### PROVIDED MATERIAL
+++

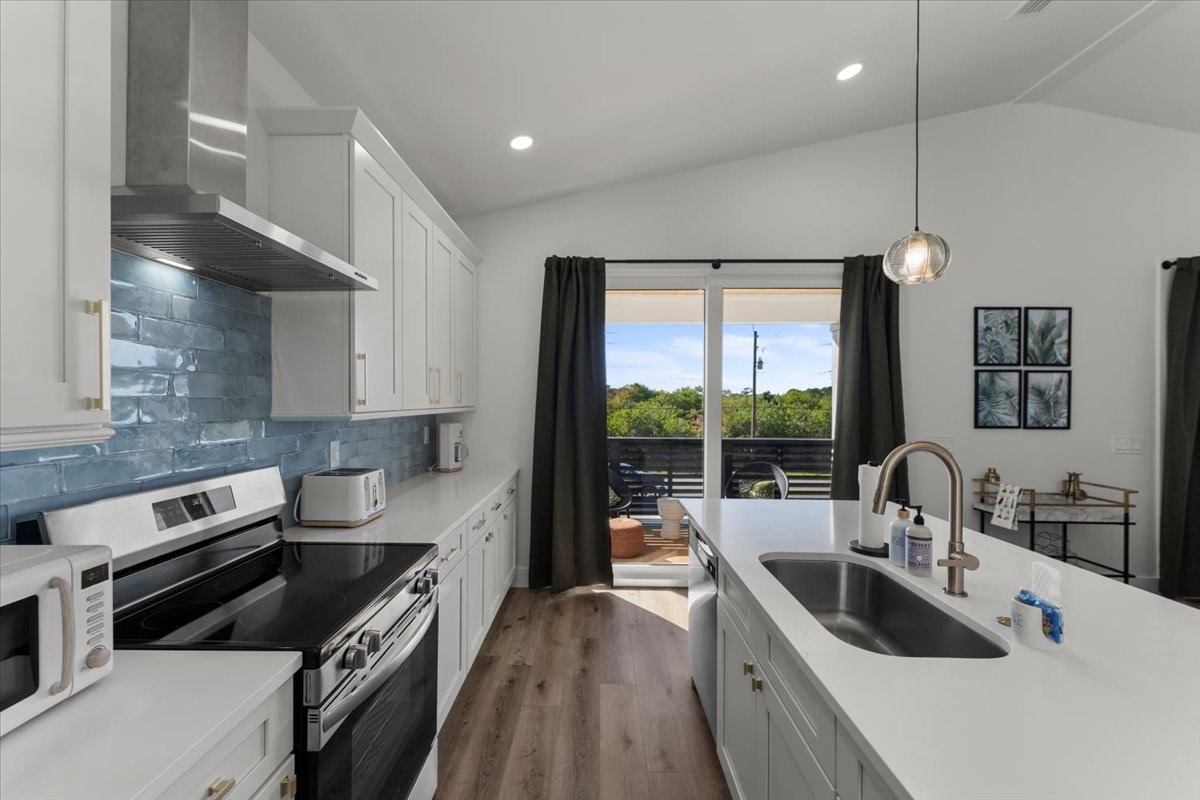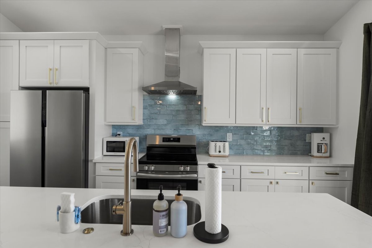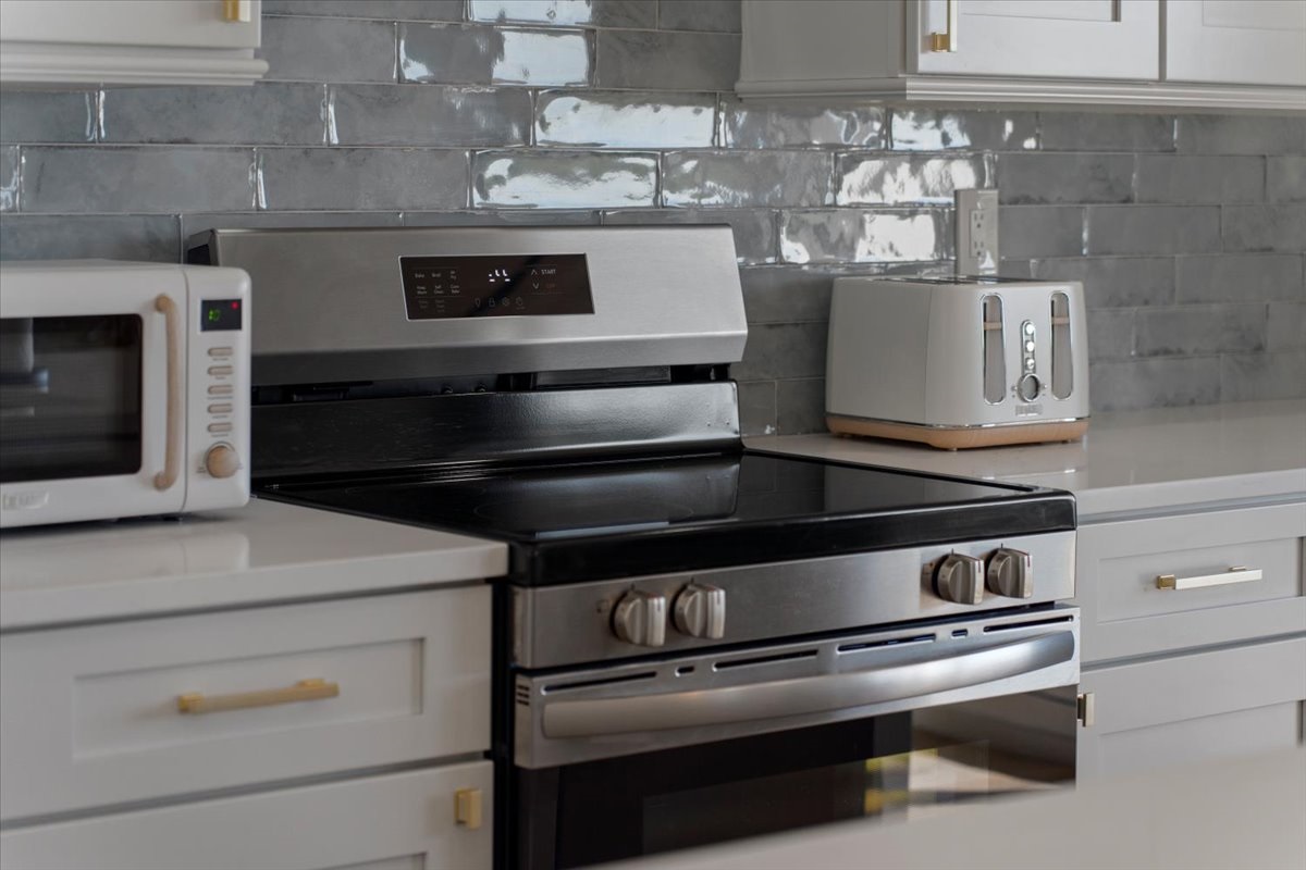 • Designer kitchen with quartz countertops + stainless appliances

+++

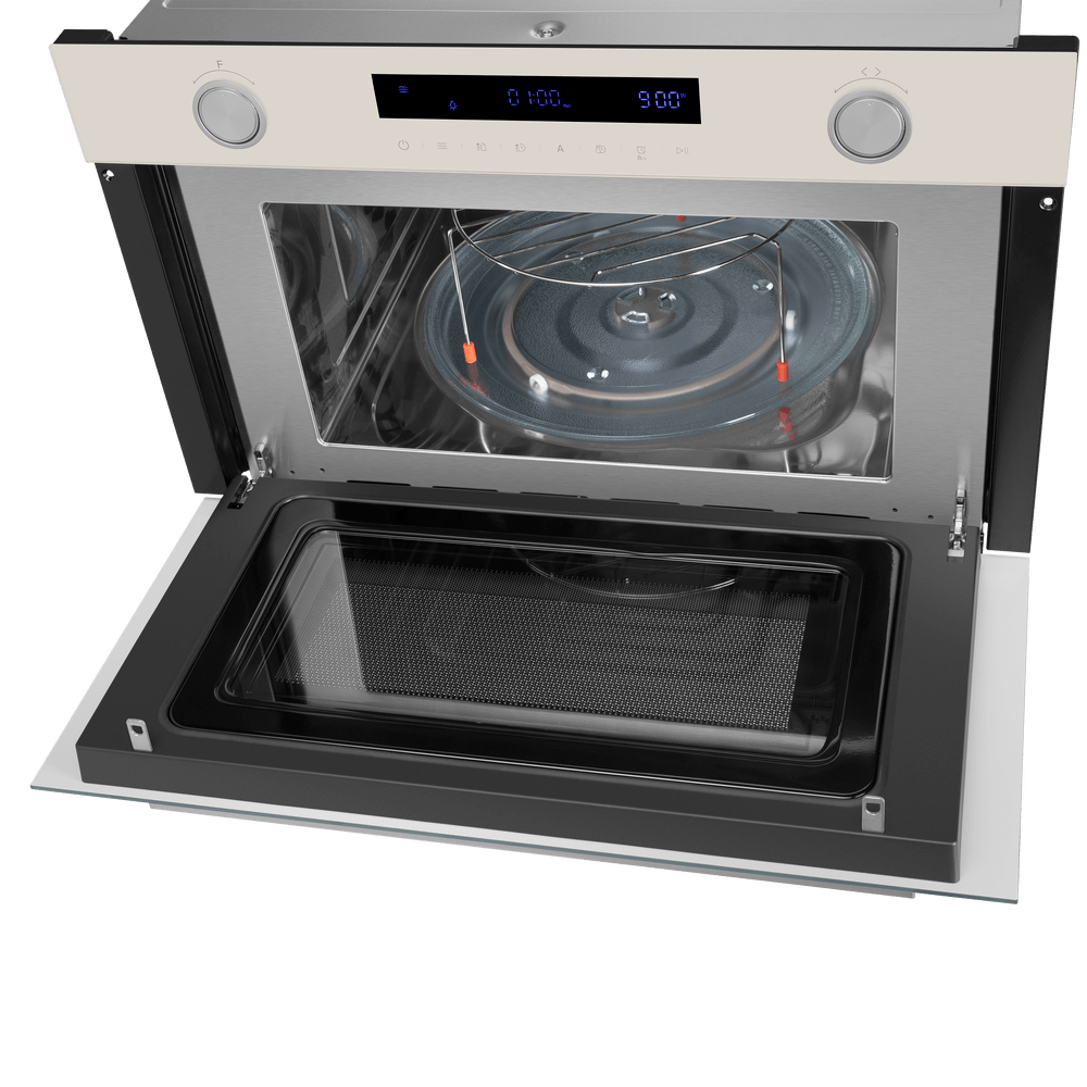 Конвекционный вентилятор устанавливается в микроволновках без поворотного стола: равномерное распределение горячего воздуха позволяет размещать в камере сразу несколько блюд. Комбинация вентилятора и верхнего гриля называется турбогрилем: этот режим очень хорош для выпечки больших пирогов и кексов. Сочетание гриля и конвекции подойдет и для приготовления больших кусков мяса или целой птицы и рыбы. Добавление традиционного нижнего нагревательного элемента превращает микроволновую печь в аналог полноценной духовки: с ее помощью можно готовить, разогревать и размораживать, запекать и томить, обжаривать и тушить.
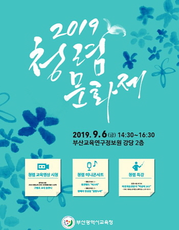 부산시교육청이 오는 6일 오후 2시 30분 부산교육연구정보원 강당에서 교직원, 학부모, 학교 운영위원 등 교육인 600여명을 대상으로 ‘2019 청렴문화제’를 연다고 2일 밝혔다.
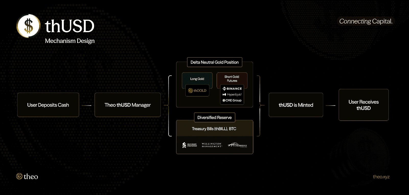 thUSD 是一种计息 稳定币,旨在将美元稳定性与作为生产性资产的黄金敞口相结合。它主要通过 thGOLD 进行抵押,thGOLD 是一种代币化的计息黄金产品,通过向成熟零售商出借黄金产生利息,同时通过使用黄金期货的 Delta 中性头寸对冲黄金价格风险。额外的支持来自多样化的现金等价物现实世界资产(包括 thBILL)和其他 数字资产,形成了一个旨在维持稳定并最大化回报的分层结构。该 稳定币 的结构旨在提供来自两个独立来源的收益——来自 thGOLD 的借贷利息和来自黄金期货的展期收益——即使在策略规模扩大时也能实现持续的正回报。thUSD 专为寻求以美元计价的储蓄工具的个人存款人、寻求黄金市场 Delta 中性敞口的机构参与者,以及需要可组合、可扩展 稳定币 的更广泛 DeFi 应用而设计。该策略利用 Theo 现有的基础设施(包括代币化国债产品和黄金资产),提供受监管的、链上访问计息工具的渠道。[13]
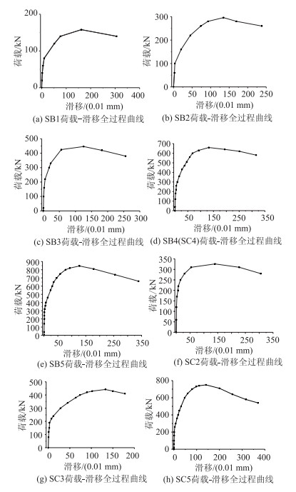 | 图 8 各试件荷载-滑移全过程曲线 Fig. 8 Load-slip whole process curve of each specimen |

+++

### REQUIREMENT
Within the entries above, the lines from the one containing "thUSD 是一种计息 稳定币,旨在将美元稳定性与作为生产性资产的黄金敞口相结合。它主要通过" through the one containing "each specimen |" are to be transcribed exactly, ends included, pictures excluded.

### RESULT
 thUSD 是一种计息 稳定币,旨在将美元稳定性与作为生产性资产的黄金敞口相结合。它主要通过 thGOLD 进行抵押,thGOLD 是一种代币化的计息黄金产品,通过向成熟零售商出借黄金产生利息,同时通过使用黄金期货的 Delta 中性头寸对冲黄金价格风险。额外的支持来自多样化的现金等价物现实世界资产(包括 thBILL)和其他 数字资产,形成了一个旨在维持稳定并最大化回报的分层结构。该 稳定币 的结构旨在提供来自两个独立来源的收益——来自 thGOLD 的借贷利息和来自黄金期货的展期收益——即使在策略规模扩大时也能实现持续的正回报。thUSD 专为寻求以美元计价的储蓄工具的个人存款人、寻求黄金市场 Delta 中性敞口的机构参与者,以及需要可组合、可扩展 稳定币 的更广泛 DeFi 应用而设计。该策略利用 Theo 现有的基础设施(包括代币化国债产品和黄金资产),提供受监管的、链上访问计息工具的渠道。[13]
 | 图 8 各试件荷载-滑移全过程曲线 Fig. 8 Load-slip whole process curve of each specimen |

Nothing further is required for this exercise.